Глядит на ручку двери.
Поверить? Не поверить?

Вот так. Я написал рассказ.
Обыкновенный, триста фраз.
Сюжет изложен выше.
Герой — Тульбович Миша —

стоит, дрожит, таблетку пьёт.
Он не родился, но умрёт,
а я тому виною.
Чего теперь со мною?

И тот, кто выдохнул мою,
пока ещё бессмертную
включает, выключает свет.
А я боюсь, что смерти нет.

ЧЁРНЫЕ ЛЕБЕДИ

Поседевший, победивший зависть
к нехорошим серым кенгуру,
не умру: скорее наиграюсь.
Или наиграюсь и умру.

Под чужим, зато под очень синим,
чтобы окна — непременно в сад.
Книжка назовётся «Без России»:
небольшой посмертный плагиат.

Всё по правде, каждому по вере,
помните фольклор про «сдох Онфим…»?
Колумбарий в городе Канберре.
Сектор восемь. Место уточним.

ГОЛОС

Вечером папа искал, где ловится Голос Америки.
Голос Америки чаще ловился в прихожей.
По выходным приезжал дядя Гена на велике,
а из Кургана на поезде дядя с противною рожей.
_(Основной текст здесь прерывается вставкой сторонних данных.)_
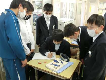 「比例を利用して問題を解こう」をテーマにたくさんの練習問題に取り組んでいました。自分の解き方を仲間に分かりやすく伝えようと必死です。
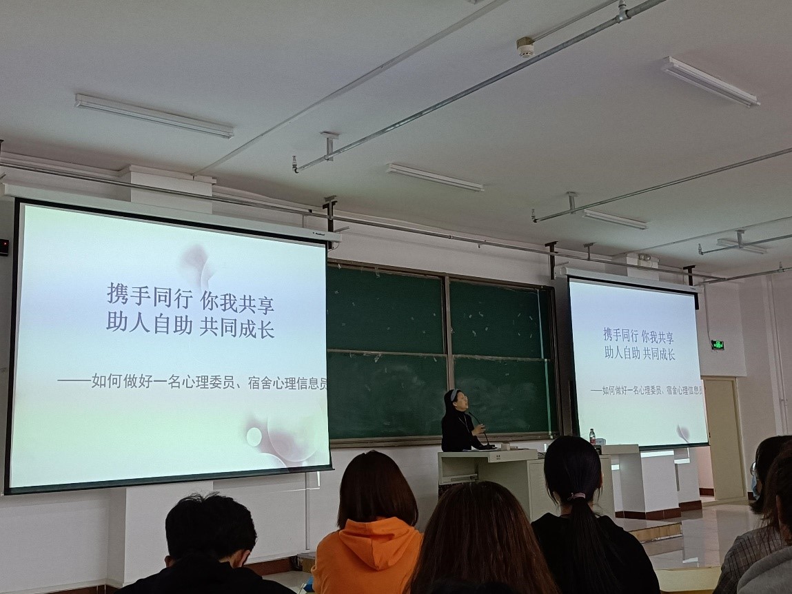 培训从近年来高校出现的一些突发事故引出“我们可以做些什么”的问题。通过与同学们的互动,引导同学们总结出心理委员的角色定位和工作职责。随后,谢春辉老师详细解读了心理委员工作的保密、及时转介、实事求是、中立、安全五项原则,并引用泰戈尔的名言“教育的目的应当是向人传送生命的气息”作为结束语,引导同学们理解生命、热爱生命、关怀并尊重他人生命。

Папа работал директором, папе всё время везло.
Папа выгуливал нас в ресторан у вокзала.
Мама за что-то его обзывала козлом,
вечером плакала ночью, наверно рыдала.

Серое радио каркало про Кандагар,
дядя с противною рожей шагал к остановке,
я, вытирая с макушки его перегар,
думал военное — «Действуем по обстановке:

Голос, скажи ему, голос Америки, голос
(Я-то всё знаю, но папа ведь мне не поверит)!
Это как в сказках, когда собирающий хворост,
в чёрном лесу за полдня на полвека стареет.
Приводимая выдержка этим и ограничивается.